Byron Wien, chief investment strategist for Pequot Capital, expects oil prices to rise amid an economic rebound next year.
He told CNBC that energy prices have essentially bottomed, though they could slip a bit further.
“I think they’ll be higher next year, possibly a lot higher, because I think the world economy will recover late in the year.”
As a result, Wien views energy stocks as attractive. But he sees corporate bonds as the “most attractive” investment area.
“You get a very good current return, close to 10 percent in quality corporate bonds, and the possibility of capital appreciation as well.”

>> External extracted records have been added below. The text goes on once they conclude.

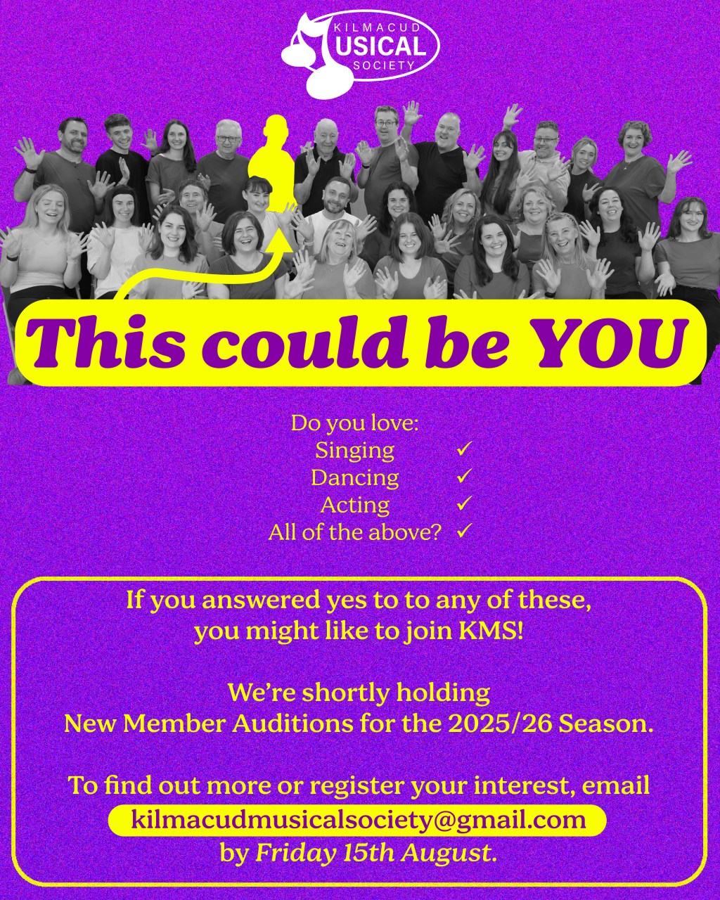 If you want to be part of KMS during this exciting season, email us at kilmacudmusicalsociety@gmail.com by 15th August 2025.
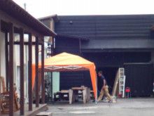 10:00の開始に向けて、テントに打ち水、扇風機と
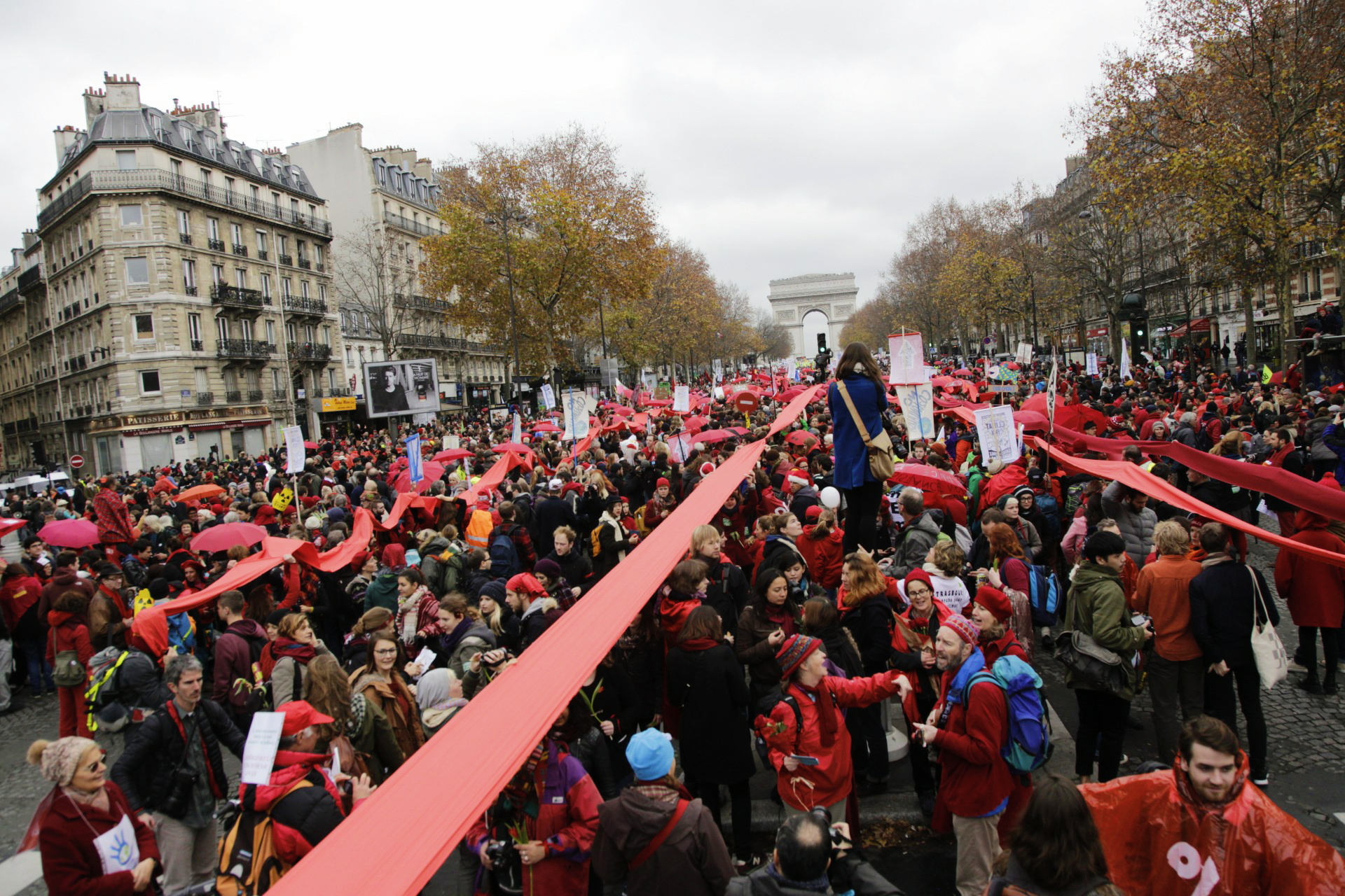 Laupäeval, 12. detsembril toimus kolm aktsiooni, mille sõnum oli kliimaõigluseni jõudmine. Neist kõige intrigeerivam, nimega Red Lines Action, sai politseilt toimumisloa alles 40 minutit enne aktsiooni algust. Ent meeleavaldus oleks toimunud niikuinii – üle kümne tuhande inimese kogunes Triumfikaare ja Place de la Porte Maillot’i vahele Avenue de la Grande Armée tänavale, moodustades kahekilomeetrise bänneritest ja vihmavarjudest punaseks värvitud joone Pariisi võidusümboli ja suurima kaubanduslinnaosa vahele.

Stocks won’t be able to recover before corporate bonds, Wien maintains.
As for municipal bonds, “yields are irresistible: 5 percent triple tax-free,” he says. “But the other side of this is that a lot of state and local governments are in terrible shape.”
Wien foresees a slow economic and market rebound.
“I think the economy’s going to recover, and the market’s going to recover,” he says.
“But it isn’t going to be the snapback recovery that we’ve seen in earlier cycles.”
If the incoming administration's fiscal policies are appropriate, the U.S. economy could begin to grow again in 2010, says NYU economist Nouriel Roubini.
"The only risk is that the recovery of growth could be so weak that it feels like a recession even though we are technically out of it," Roubini told U.S. News.